The verified constructs were introduced into S. albus to generate S. albus_nor# PKS and S. albus_nor* PKS. In the metabolic profile of S. albus_nor# PKS compound 2 could not be detected. Yet, PNBA and 1 were produced, indicating that gene expression and polyketide production were functional (Fig. 5c). In the case of S. albus_nor* PKS, we detected 1 and 2 (Fig. 5c and Supplementary Fig. 18), which indicated that we successfully modified the aur PKS to produce the homologous polyketide 2. Thus, we showed that it is possible to modify the aur gene cluster to the nor gene cluster through PKS engineering in a manner that emulates natural evolutionary processes. The strain expressing the nor* PKS genes also produces a series of congeners, non-oxidized 7-deoxyneoaureothin (6), over-oxidized 11a-hydroxyneoaureothin (7), non-reduced 7-deoxy-7-dehydroneoaureothin (10), non-reduced 2-pyrone-7-deoxy-7-dehydronoeaoreothin (9), and 2-pyrone-4-desmethyl-7-deoxy-7-dehydronoeaoreothin (8). The structures of all compounds were elucidated by NMR analyses (7, Supplementary Figs. 30–34, Supplementary Tables 10 and 8, Supplementary Figs. 35–40, Supplementary Tables 11 and 9, Supplementary Figs. 41–46, Supplementary Tables 12 and 10, Supplementary Figs. 47–52, Supplementary Table 13). The presence of three highly instable, non-reduced congeners indicates that the enoylreductase domain of AurB cannot process the polyketide intermediate accurately, likely because the length of the intermediate is different to the original substrate. This observation is in line with the remarkable finding that the nor* PKS can still produce 1. A plausible explanation could be that two modules are skipped during polyketide chain elongation. The phenomenon of PKS module skipping has previously been reported in a PKS engineering study where module 2 from the rapamycin PKS was inserted between module 1 and 2 in DEBS1-TE43. In the hybrid PKS the polyketide chain underwent direct ACP-to-ACP transfer to pass through rapamycin module 244. In the case of nor* PKS, the formation of the shorter chain may be rationalized by a similar ACP-to-ACP transfer or by the interaction between the C-terminal docking domain of AurA and the N-terminal docking domain of NorB, which is also present in the nor# PKS.

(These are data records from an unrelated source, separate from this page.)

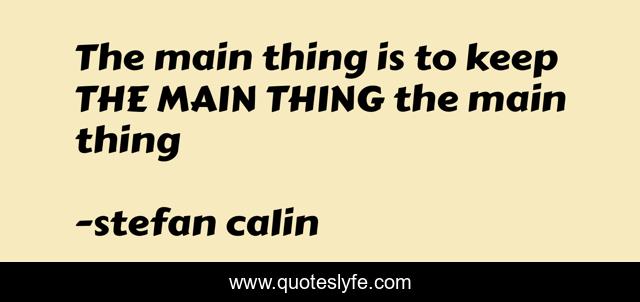 This page presents the quote "The main thing is to keep THE MAIN THING the main thing". Author of this quote is stefan calin. .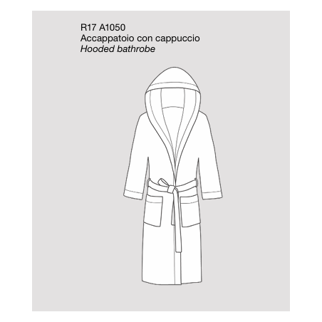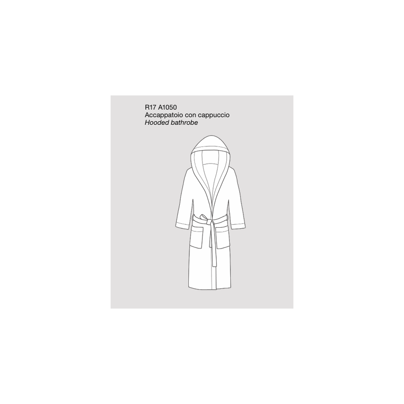 100% double-twisted cotton jacquard terry towelling, 500 g/m2. Hooded bathrobe available in various colors. Size M.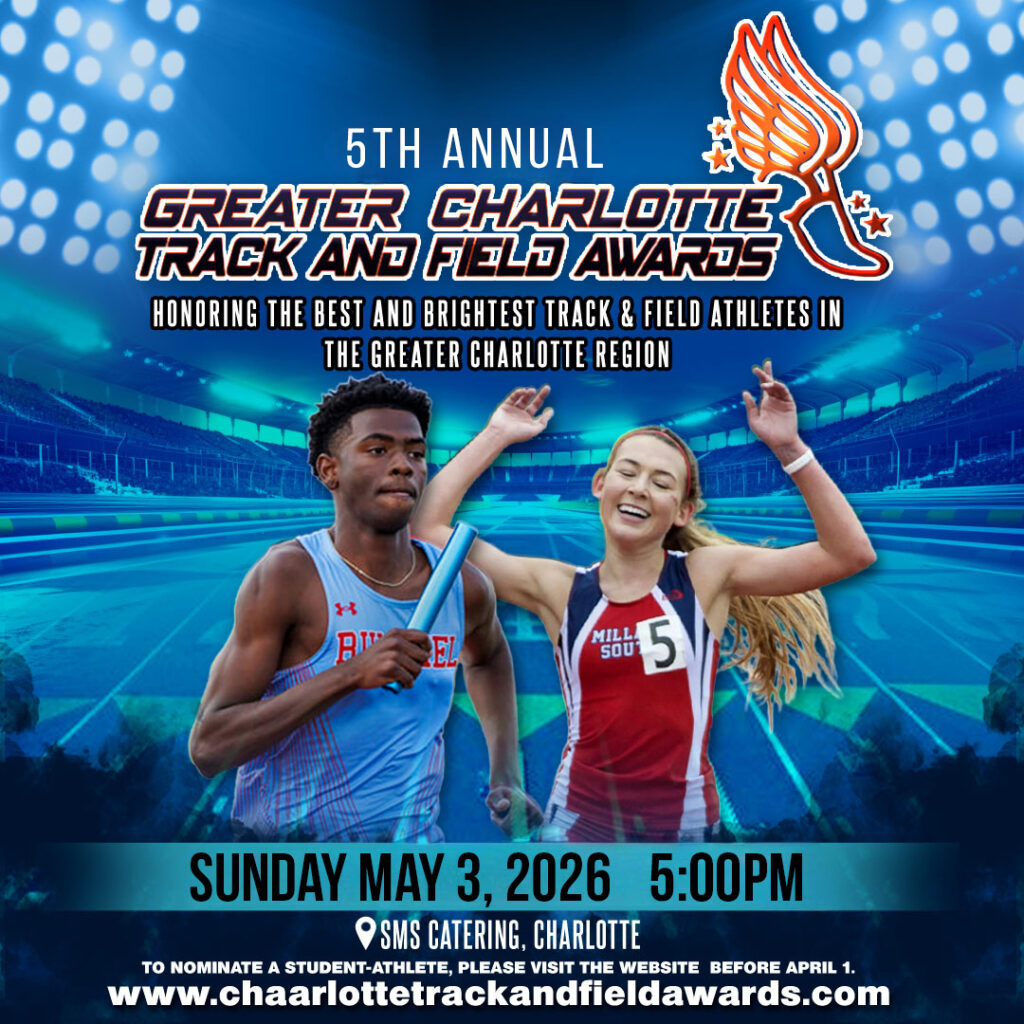 After attracting consecutive sell out crowds of over 400 guests for the for the first four Charlotte Track and Field Awards last year, we are set for year number four. This special event honors track and field and cross-country Student Athletes in the Greater Charlotte Region. Recognizing athletic success, leadership, character and academics are the primary goals of this star-studded event. On May 3rd, the track and field and cross country communities will gather at SMS Catering in Charlotte to honor the best and brightest student athletes that have worked so hard over the last year to achieve success.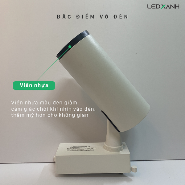 Điểm đặc biệt của mẫu đèn rọi ray Kosoom được phân phối bởi Led Xanh đó chính là viền nhựa ngoài. Hầu hết các sản phẩm trên thị trường sẽ chỉ có màu sắc viền trắng hoặc không viền. Tuy nhiên, viền nhựa màu đen được thiết kế ở đây nhằm giảm tối đa tình trạng chói mắt mà khách hàng thường gặp phải khi nhìn vào đèn.
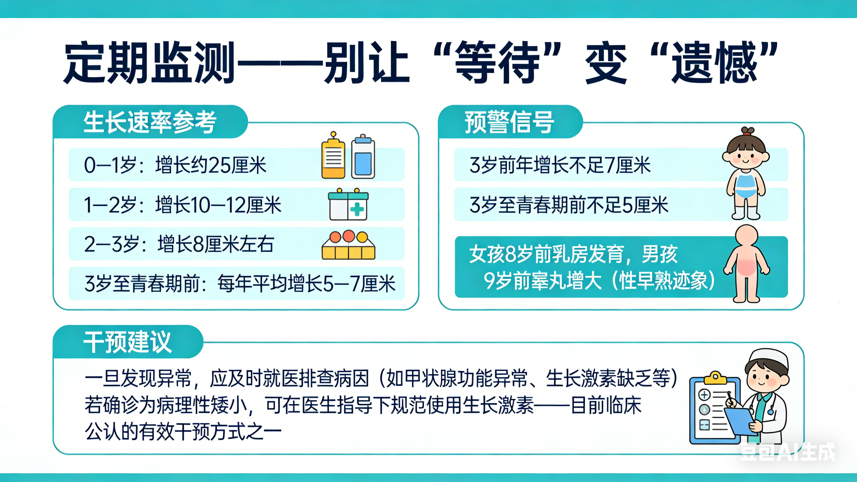 密切关注孩子生长速率和预警信号,一旦发现异常,应及时就医排查病因(如甲状腺功能异常、生长激素缺乏等)。若确诊为病理性矮小,可在医生指导下规范使用生长激素——这是目前临床公认的有效干预方式之一。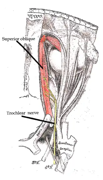 ![]() Nervus trochlearis' forløb, højre øje, superiort vue | |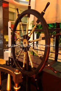 • maritime vollplastische Dekoration mit XXL-Steuerrad und Segel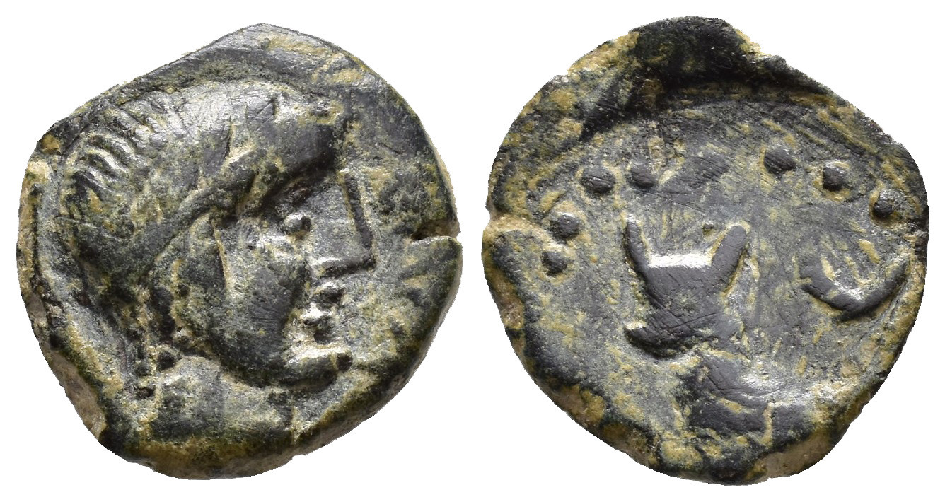 HISPANIA ANTIGUA. OBULCO. Semis. A/ Cabeza de Apolo a der., delante OBVLCO. R/ Toro a izq., encima creciente. AE 4,32 g. 17,6 mm. I-no; ACIP-2258 vte. CC-2907, mismo ejemplar. Rev. descentrado. Pátina verde. MBC/BC+. Muy rara.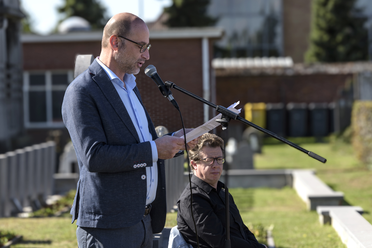 Schepen Stijn Adriaensens sprak de aanwezigen toe en verwees ook naar de huidige conflicten over de hele wereld.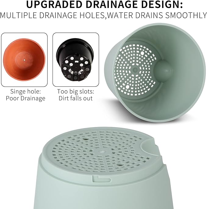 - 【Excellent Drainage Holes and Watering Lip】These flower pots for plants come with multiple drainage holes in the bottom. The holes and watering lip provide an air circulation system for the plant roots, which greatly reduces the problem of root rot of plants in a closed environment. The independent watering lip replenishes water for plants, so that water does not have to pass through the plant itself, At the same time, it is convenient to observe the current water level.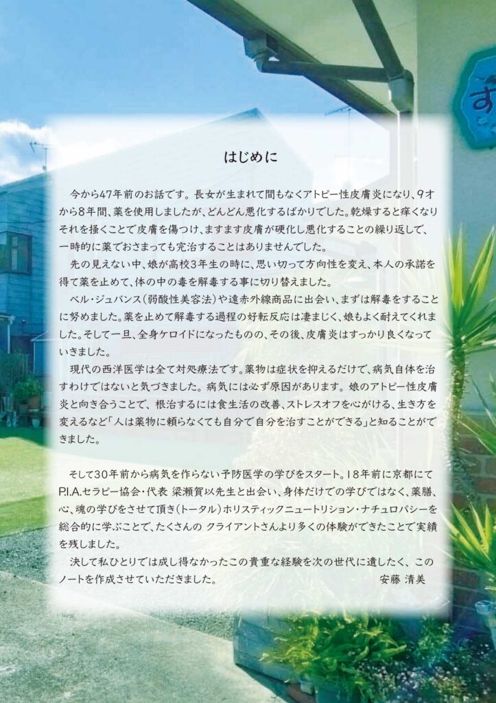 これは、ご自身の長女のアトピー性皮膚炎との壮絶な戦いから、薬を止めて解毒へと方向転換し、健康を掴み取った体験、そしてたくさんのクライアントさんとの体験に基づいた知恵の結晶です。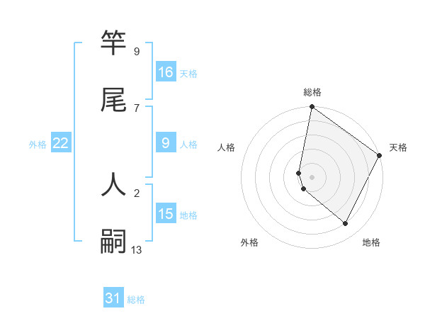 竿尾 人嗣さんの総格は31画の5点!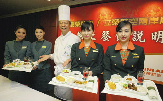 兩岸周末包機公司不只搶頭班機、比載客率,在餐點上也相互較勁。華航昨(1)日宣布商務艙將推出臺北故宮“晶華國寶宴”,圖中長榮、立榮則推出涵蓋兩岸各地的風味菜色。(臺灣《聯(lián)合報圖》)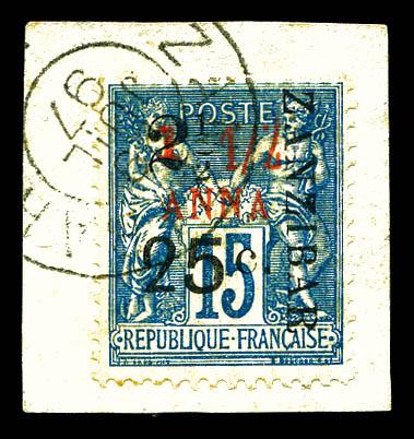 N°43b, 2 1/2 annas lilas pâle, type III (position F) sur son support. SUPERBE. R.R. (signé Calves/Brun/certificats) Qualité: Oblitéré Cote: 6850 euros (Image)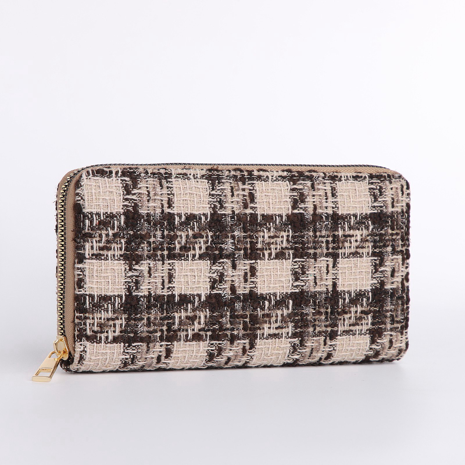 Кошелёк женский на молнии, 19.5x2.5x10 см, в клетку, коричневый, 2.5x19.5x10 см., Китай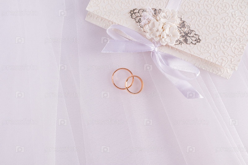 Два золотых обручальных кольца лежат между мягкими складками белой завесы невесты рядом с красивым конвертом для свадебных приглашений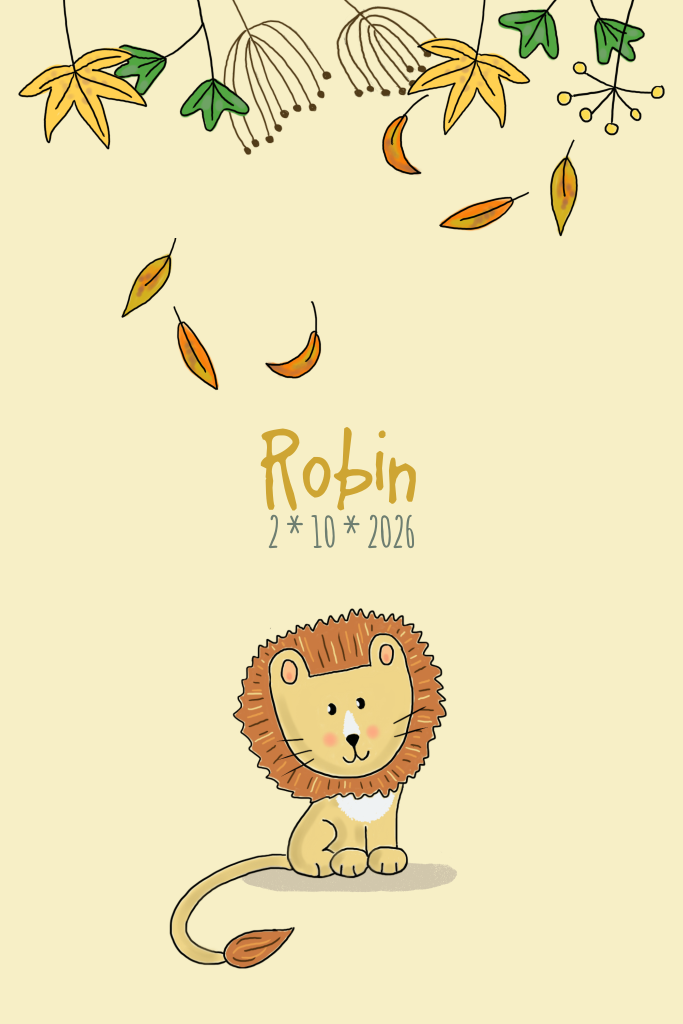 Lief geboortekaartje met een grappig leeuwtje in de herfst. De achtergrond is okergeel met gebladerte bovenaan en naar beneden dwarrelende blaadjes. Je kunt eenvoudig zelf de kleur en de tekst aanpassen in de online editor.
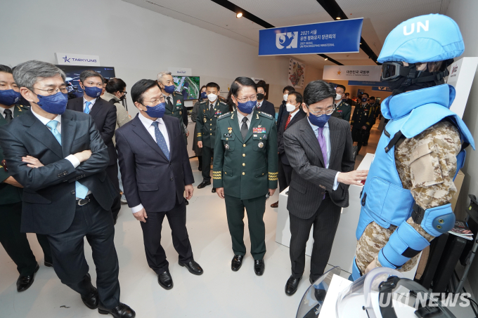 함상욱 외교부 다자외교조정관(왼쪽부터)과 김만기 국방부 정책실장, 황대일 육군참모차장, 최종문 외교부 제2차관이 3일 서울 중구 동대문디자인플라자(DDP)에서 열린 '2021 서울 유엔 평화유지 장관회의 계기 특별 전시회' PKO 장비전시관을 살펴보고 있다.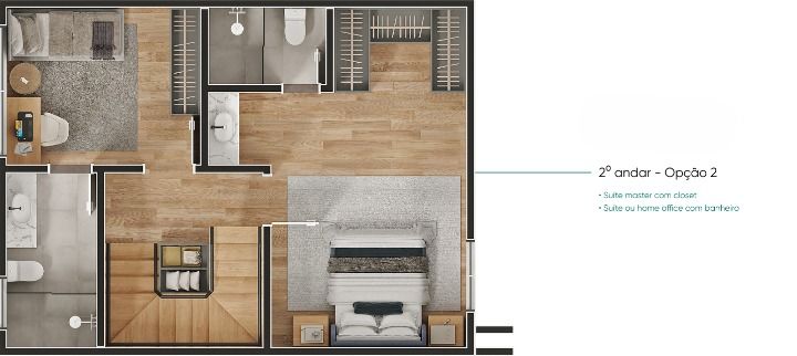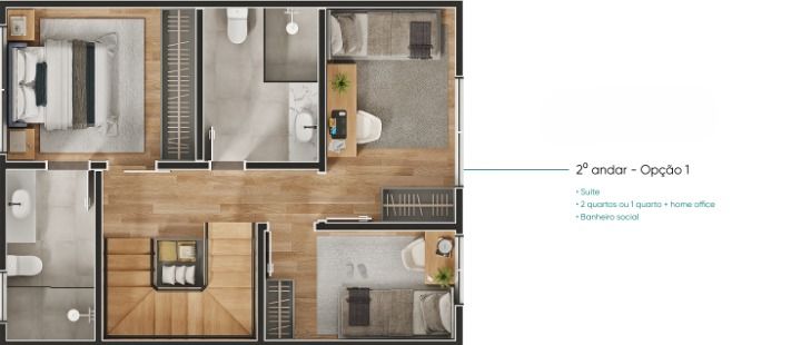 Casas com layouts abertos e funcionais. Plantas moduláveis com opções de 3 dorm. ou 02 suítes + closet ou home office.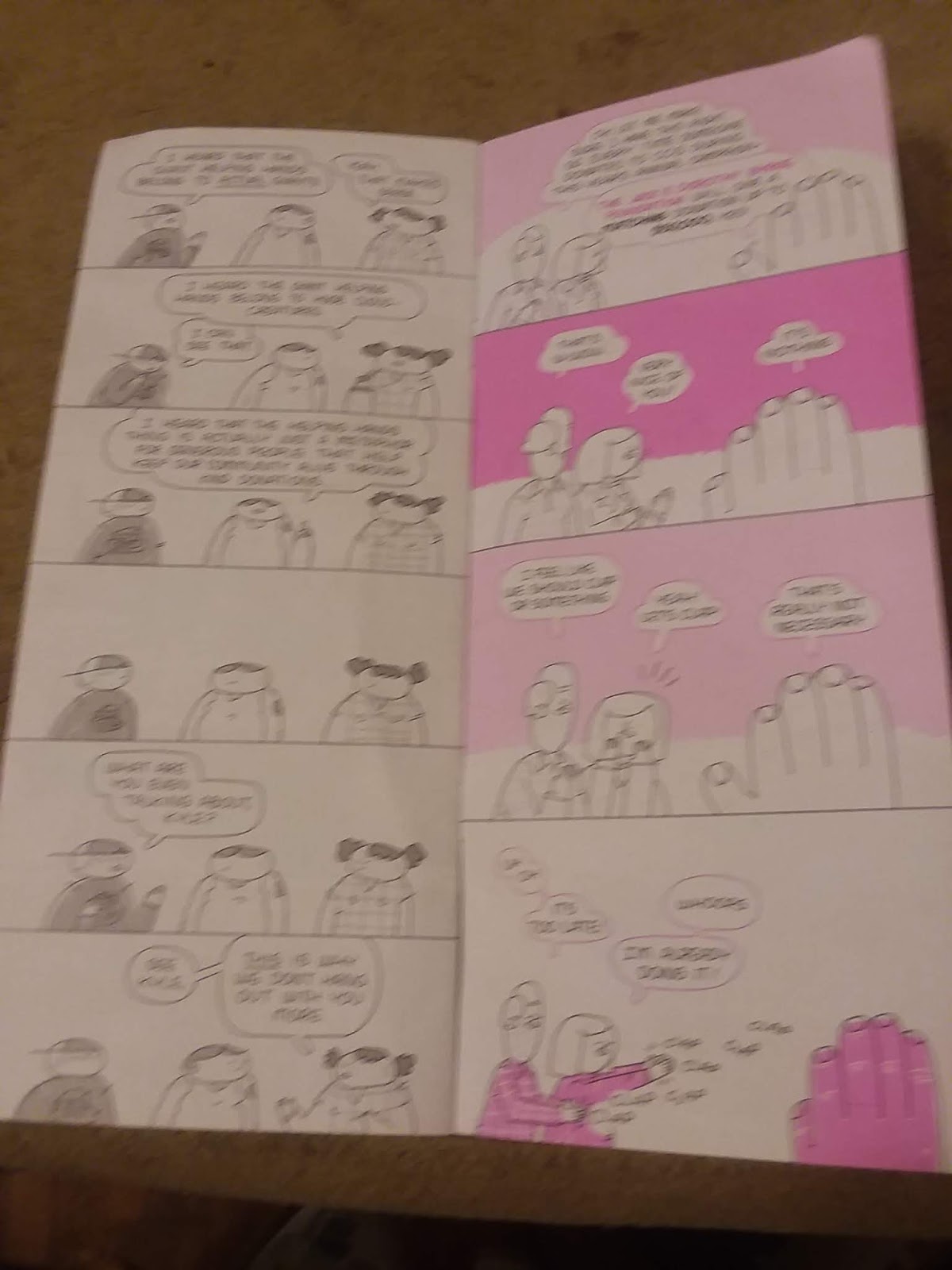 Match, by Luke Howard. Every year, CCS sends out a comics pamphlet detailing the benefits of the school in a general way and specifically asking for donations. Howard, an administrator at the school and also a graduate, wrote this year's pamphlet for 2018. Unsurprisingly, it's funny and quirky, with its main concept being that giant hands from the sky often come to help us when needed. These "helping hands" later help cartoonists match up with "top-notch teachers" at CCS in addition to helping humanity at larger, spurring any number of theories as to what they actually are. Howard, never afraid to go meta, actually has a character posit the idea that the giant hands are a metaphor, which gets the character roundly ridiculed by his friends. At the very end, there's a pull-back that reveals that a grandpa was reading the story to his grandkids, who found it a "little...one-note". At the same time, Howard stays on mission as the kids ask "why didn't the cartoon school just come out and ask for donations directly?"--and then turn and look at the reader.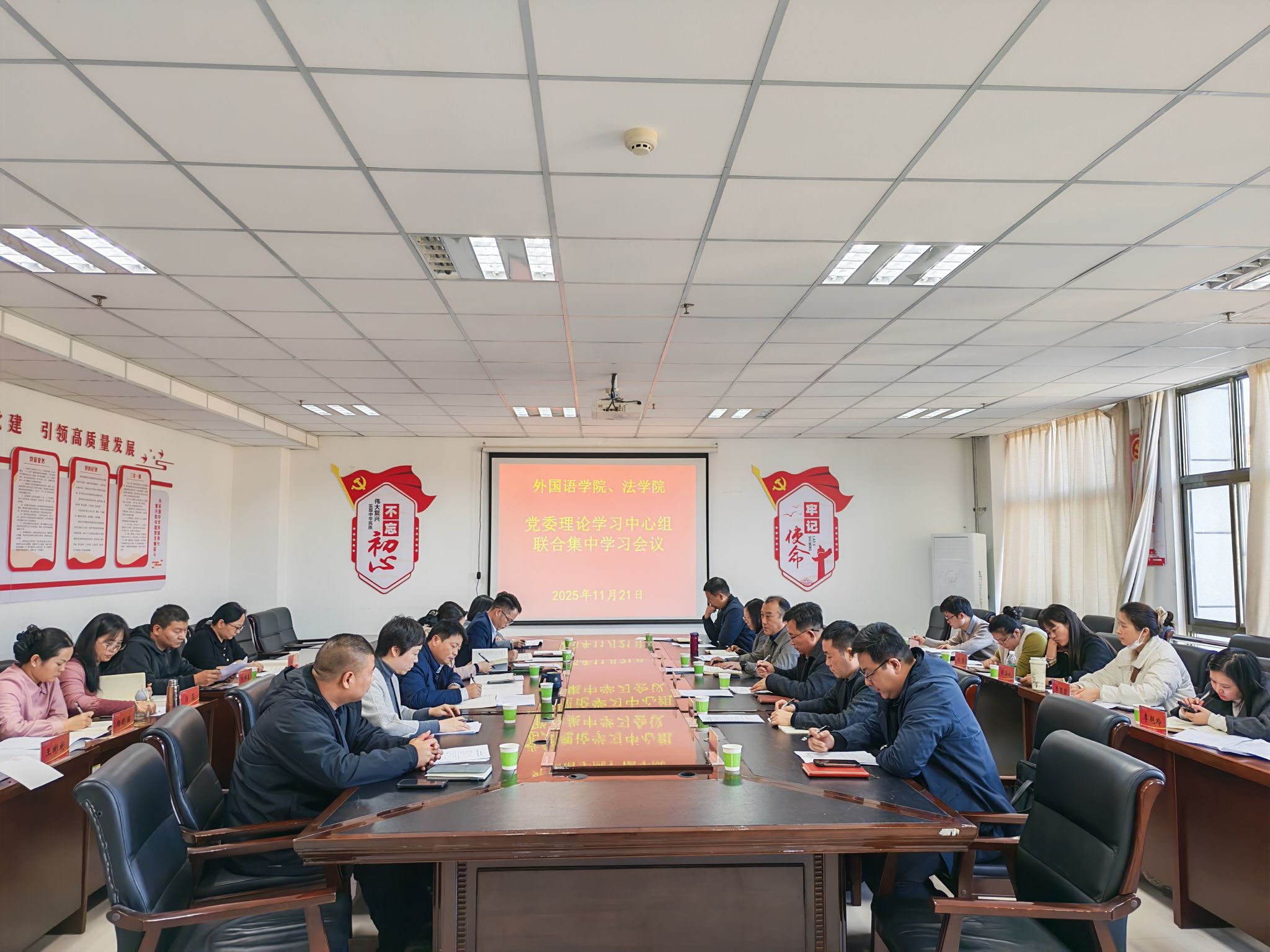 2025年11月21日下午,乐竞(中国)一站式服务官网党委与法学院党委在文科综合楼1225会议室联合举行党委理论学习中心组(扩大)学习会议。校党委宣传部部长王林、副部长樊六辉,校纪委综合办公室主任郭凯,校党委组织部干部科科长张志豪巡听旁听了本次学习会议。乐竞(中国)一站式服务官网和法学院党委理论学习中心组成员参加了会议,法学院副院长孙敬良主持本次会议。

To corroborate this model, we generated another strain (S. albus::pHY129) in which the N-terminal docking domain of AurB was swapped to that of NorB without inserting NorA′# (Supplementary Fig. 9). By LC-MS monitoring we found that the recombinant strain produces aureothin. This experiment confirms that the C-terminal docking domain from AurA in fact recognizes the N-terminal docking domain from NorB. Thus, the shortcut in the nor* PKS can be rationalized. It remains unclear why the class 1a C-terminal docking domain of AurA cannot interact with the class 1a N-terminal docking domain of NorA′ in S. albus_nor#PKS. Weak interactions between different docking domain types have also been observed in other PKS systems45.